What you need to do: Would you retype the listing below word for word, without any of its pictures?

Given material:
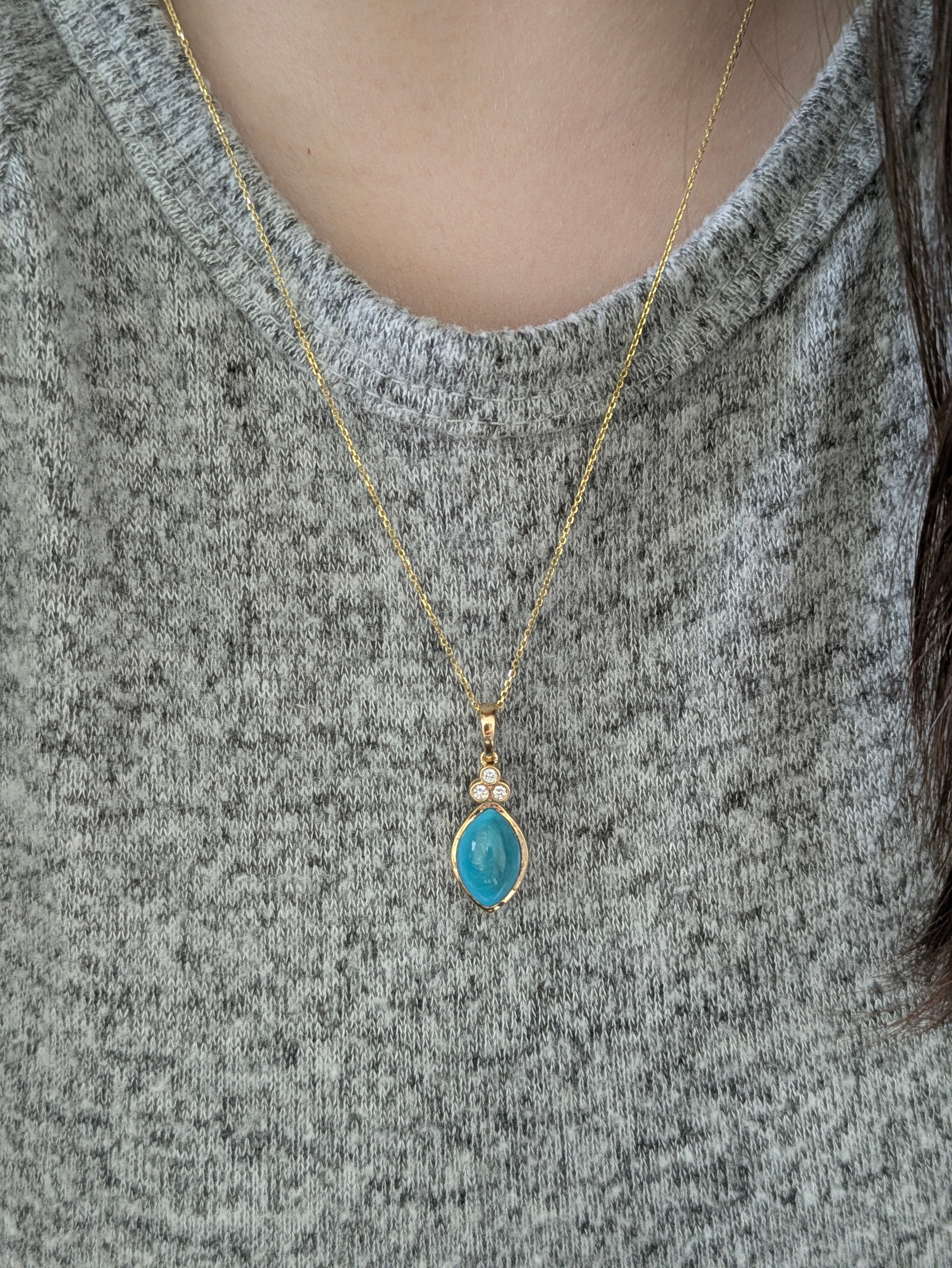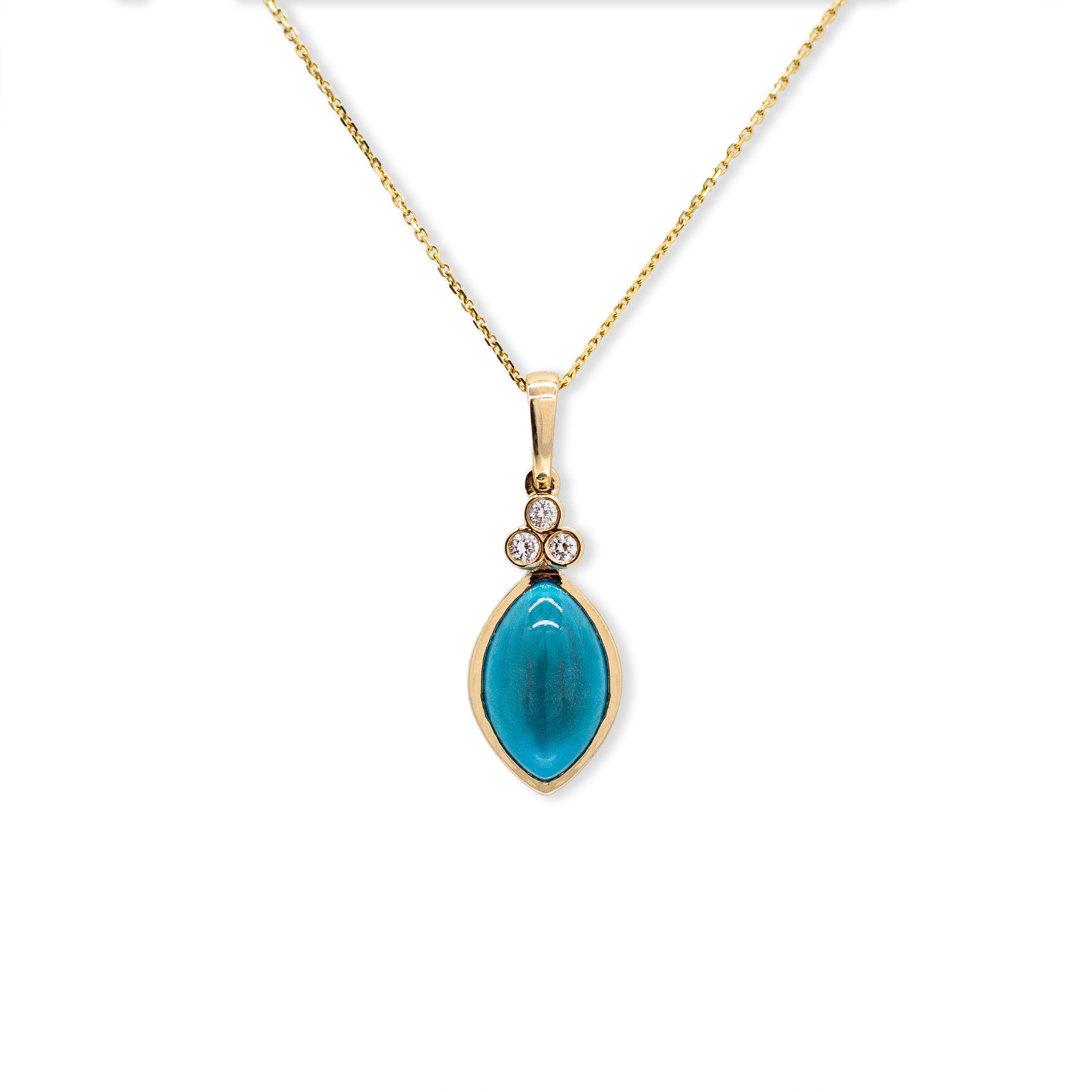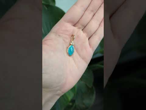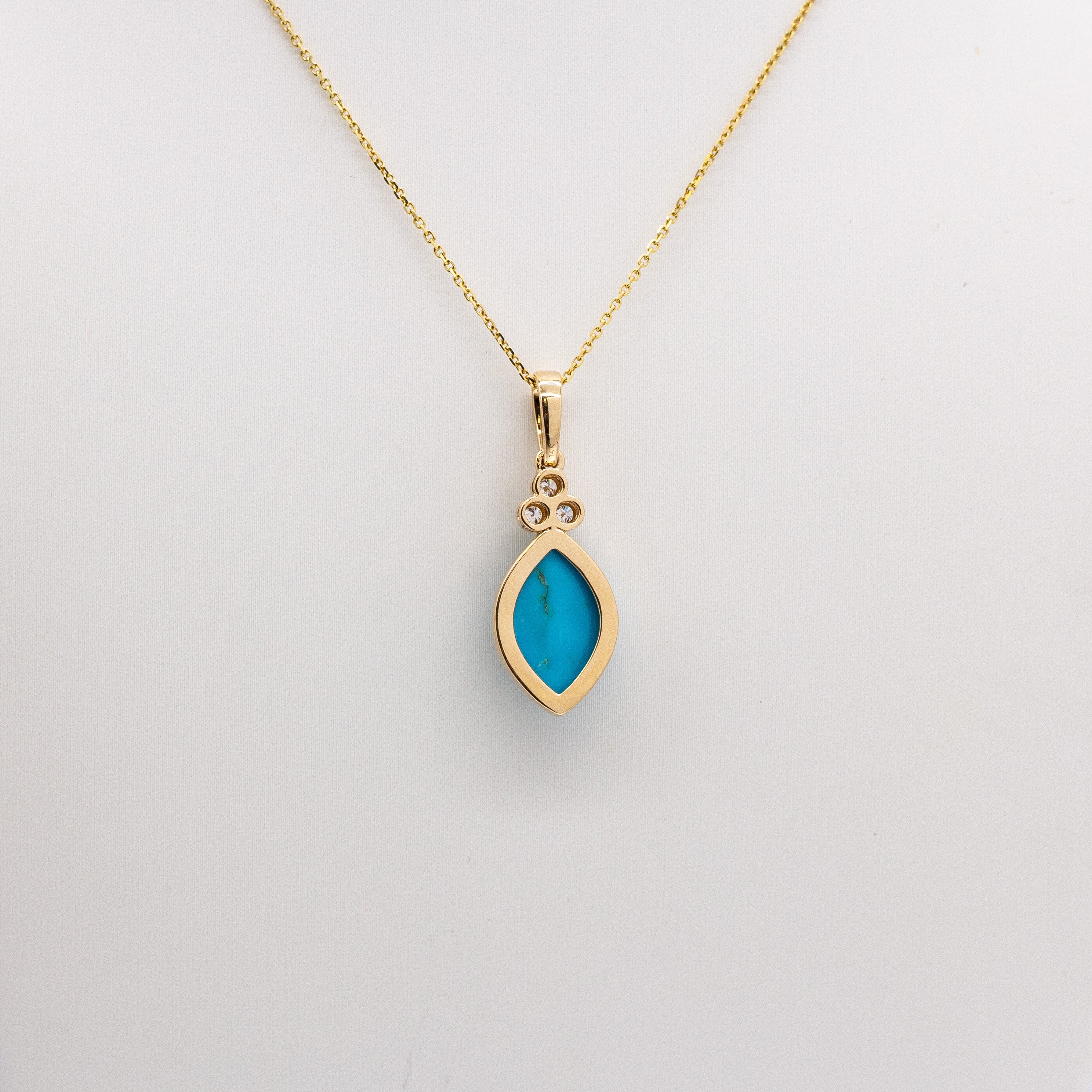This stunning pendant features a marquise-shaped turquoise center stone, celebrated for its vivid blue-green hue. Natural diamond accents add a sparkling contrast, enhancing its elegant design. Crafted in 14K solid yellow gold, the piece radiates warmth and sophistication. Perfect for both everyday wear and special occasions, it effortlessly elevates any outfit with a touch of luxury.
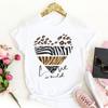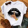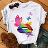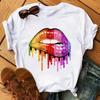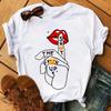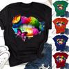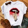 Camiseta Estampada Labios de Leopardo Moda de Mujer Verano Manga Corta
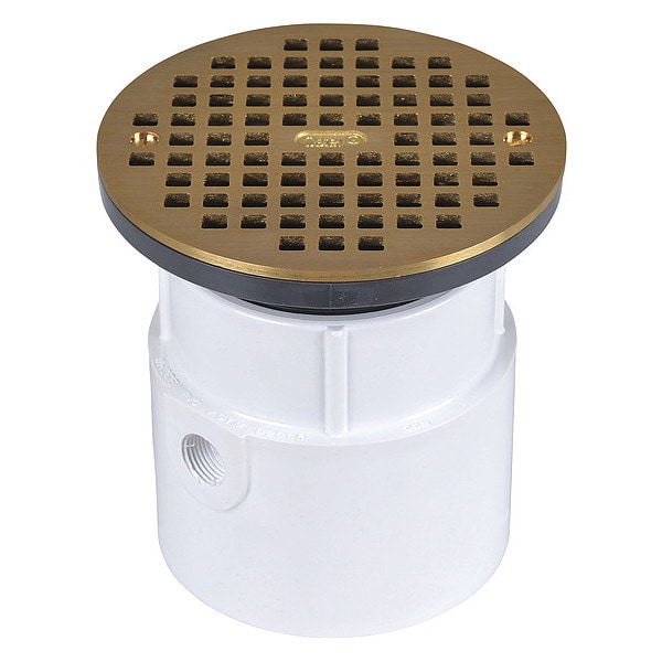 Round Pipe Drain, PVC, Brass, 4", Pipe
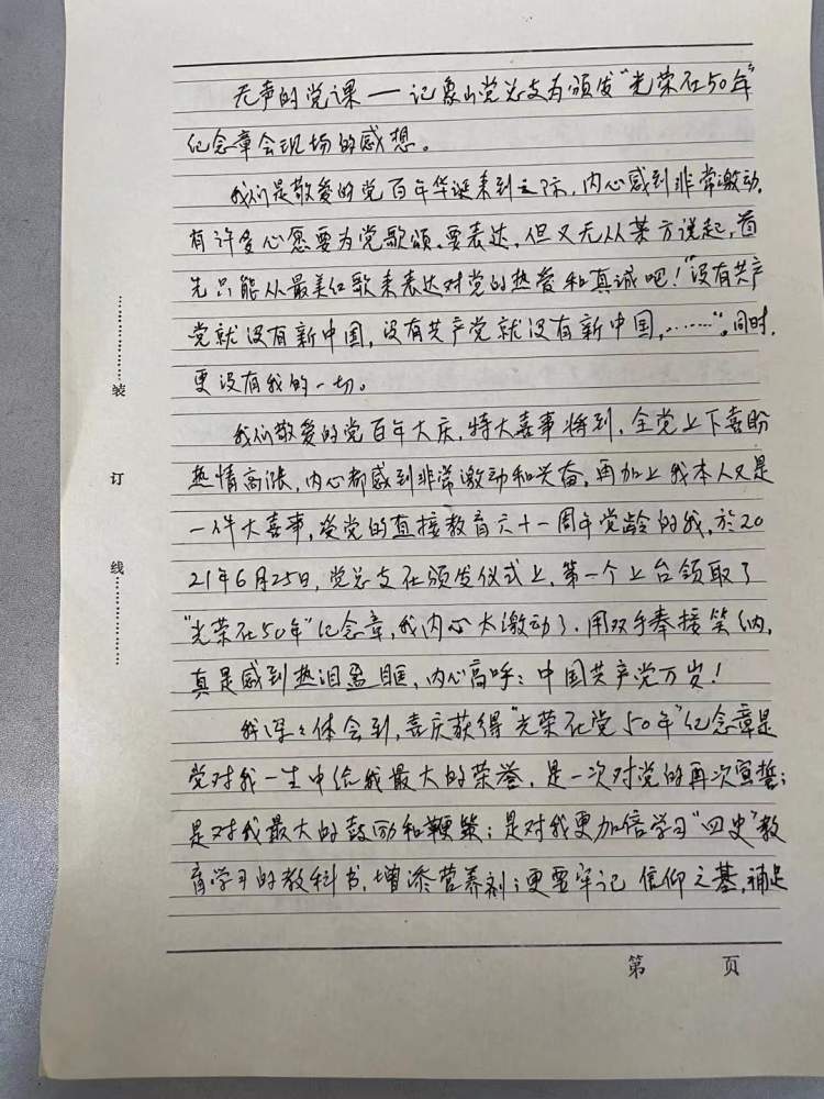 2021年6月底,象山居民区党总支为社区里在党50年以上的老党员颁发了纪念章,史素大第一个上台领取了纪念章,此情此景让他感慨万千,激动万分。第二天,他便写了一份心得体会,交给了党总支。文中,他动情地写道:“我深深体会到,‘光荣在党50年’纪念章是党给我的最大荣誉,是我对党的再次宣誓……我一定会认认真真学好、用好组织上所发的一系列珍贵学习资料,做到重点学、常态学,学有成效,并体现在行动上!”言辞恳切,让人动容,韩骏把这份心得体会给了居委的两位年轻党员传阅,让年轻同志借此机会感受一下老同志“四史”教育的学习成果。

Task answer:
This stunning pendant features a marquise-shaped turquoise center stone, celebrated for its vivid blue-green hue. Natural diamond accents add a sparkling contrast, enhancing its elegant design. Crafted in 14K solid yellow gold, the piece radiates warmth and sophistication. Perfect for both everyday wear and special occasions, it effortlessly elevates any outfit with a touch of luxury.
 Camiseta Estampada Labios de Leopardo Moda de Mujer Verano Manga Corta
 Round Pipe Drain, PVC, Brass, 4", Pipe
 2021年6月底,象山居民区党总支为社区里在党50年以上的老党员颁发了纪念章,史素大第一个上台领取了纪念章,此情此景让他感慨万千,激动万分。第二天,他便写了一份心得体会,交给了党总支。文中,他动情地写道:“我深深体会到,‘光荣在党50年’纪念章是党给我的最大荣誉,是我对党的再次宣誓……我一定会认认真真学好、用好组织上所发的一系列珍贵学习资料,做到重点学、常态学,学有成效,并体现在行动上!”言辞恳切,让人动容,韩骏把这份心得体会给了居委的两位年轻党员传阅,让年轻同志借此机会感受一下老同志“四史”教育的学习成果。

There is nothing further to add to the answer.